··· DATA SEGMENT ···

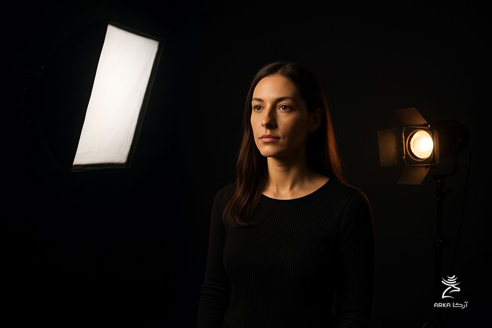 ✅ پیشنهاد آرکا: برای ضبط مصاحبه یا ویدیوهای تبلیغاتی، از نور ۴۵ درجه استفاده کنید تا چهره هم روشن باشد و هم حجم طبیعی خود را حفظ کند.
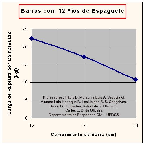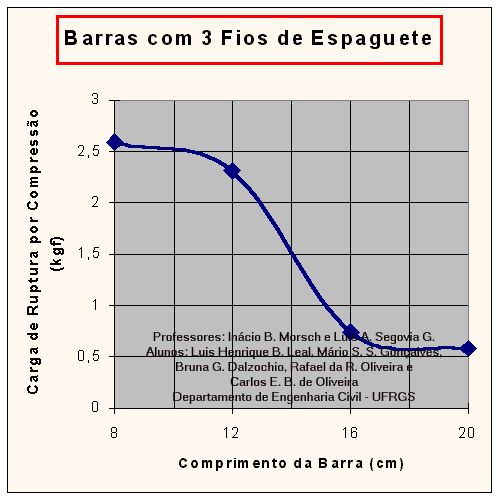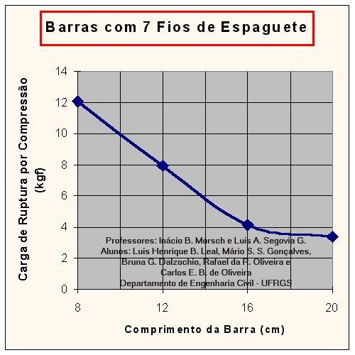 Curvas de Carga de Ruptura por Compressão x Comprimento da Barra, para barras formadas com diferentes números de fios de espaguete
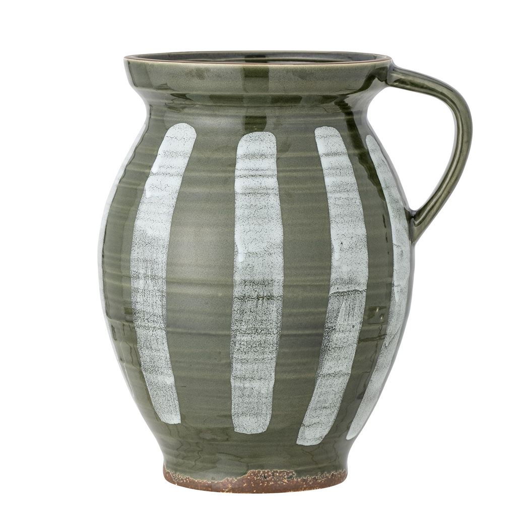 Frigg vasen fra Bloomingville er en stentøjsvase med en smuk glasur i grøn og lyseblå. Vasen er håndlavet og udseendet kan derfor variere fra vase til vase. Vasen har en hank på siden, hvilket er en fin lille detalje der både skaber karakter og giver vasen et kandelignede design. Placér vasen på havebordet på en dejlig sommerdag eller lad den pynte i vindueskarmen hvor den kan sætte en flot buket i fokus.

···

Everything in the material goes into the copy exactly, except the images.

▶ [THE COMPLETED TASK]
 ✅ پیشنهاد آرکا: برای ضبط مصاحبه یا ویدیوهای تبلیغاتی، از نور ۴۵ درجه استفاده کنید تا چهره هم روشن باشد و هم حجم طبیعی خود را حفظ کند.
 Curvas de Carga de Ruptura por Compressão x Comprimento da Barra, para barras formadas com diferentes números de fios de espaguete
 Frigg vasen fra Bloomingville er en stentøjsvase med en smuk glasur i grøn og lyseblå. Vasen er håndlavet og udseendet kan derfor variere fra vase til vase. Vasen har en hank på siden, hvilket er en fin lille detalje der både skaber karakter og giver vasen et kandelignede design. Placér vasen på havebordet på en dejlig sommerdag eller lad den pynte i vindueskarmen hvor den kan sætte en flot buket i fokus.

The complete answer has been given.